A Bavarian municipal utility has upgraded and expanded its cogeneration plant, using GE technology as the centrepiece of the process.
Stadtwerke Rosenheim has installed a 9.5 MW GE Jenbacher J920 FleXtra gas engine enabling the plant to now supply 36.1 MW of electrical power and 43.8 MW of heat for the town near Munich in southern Germany.
The Rosenheim cogeneration facility already features four previously installed Jenbacher engines – three 3.35 MW J620 units and one 4.4 MW two-stage turbocharged J624 unit – as well as a waste incineration plant.
GE says its J920 FleXtra offers an overall efficiency of about 90 per cent when operating in cogeneration mode. Over a year, this results in over 130 million kWh in primarily energy savings and the reduction of over 7800 metric tons of CO2. The engine’s short start up time will also help give the Rosenheim facility operation flexibility to deal with the challenges of intermittent renewable energy supplies.

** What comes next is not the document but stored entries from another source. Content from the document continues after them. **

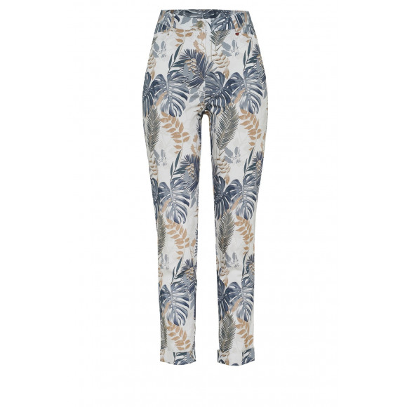 Deze zomerbroek van Toni heeft een aangesloten pasvorm en is enkelvrij. Door de kleuren van de print makkelijk te combineren met wit, zand en blauwtonen.
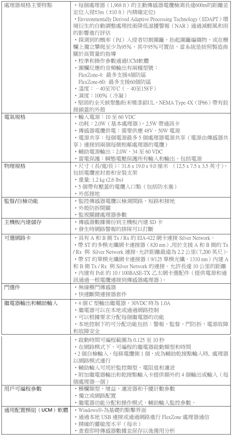 檢測並確定周圍的入侵每個傳感器處理器的最大距離為600m(1,968 ft) 精確±3m(±10 ft)的入侵定位 精密靈敏度精確度(每米) 高檢測概率(Pd)) 低功耗
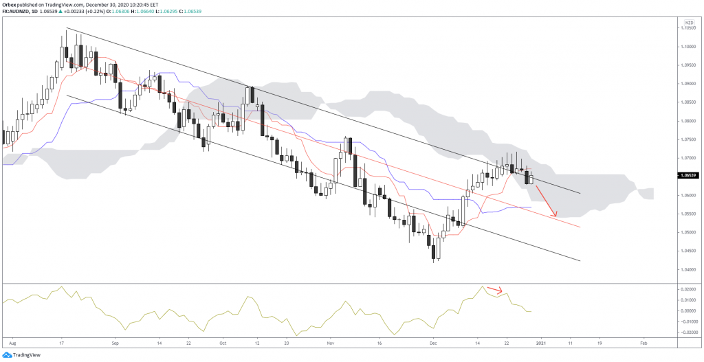 However, the specified divergence will negate if prices can push through the 38.2%, which would, in turn, lead to the 50%, which has a confluence of the base of the Ichimoku indicator.

“Our flexible J920 technology offers both high efficiency and reliability levels, which makes it the ideal large gas engine distributed power solution for industrial and grid stabilization applications while also minimizing the customer’s carbon footprint,” said Karl Wetzlmayer, general manager of gas engines for power generation at GE Power & Water.
As part of the Energiewende concept, the Germany government has set out the goal to increase CHP power generation to 25 per cent of the country’s total power supply by 2020.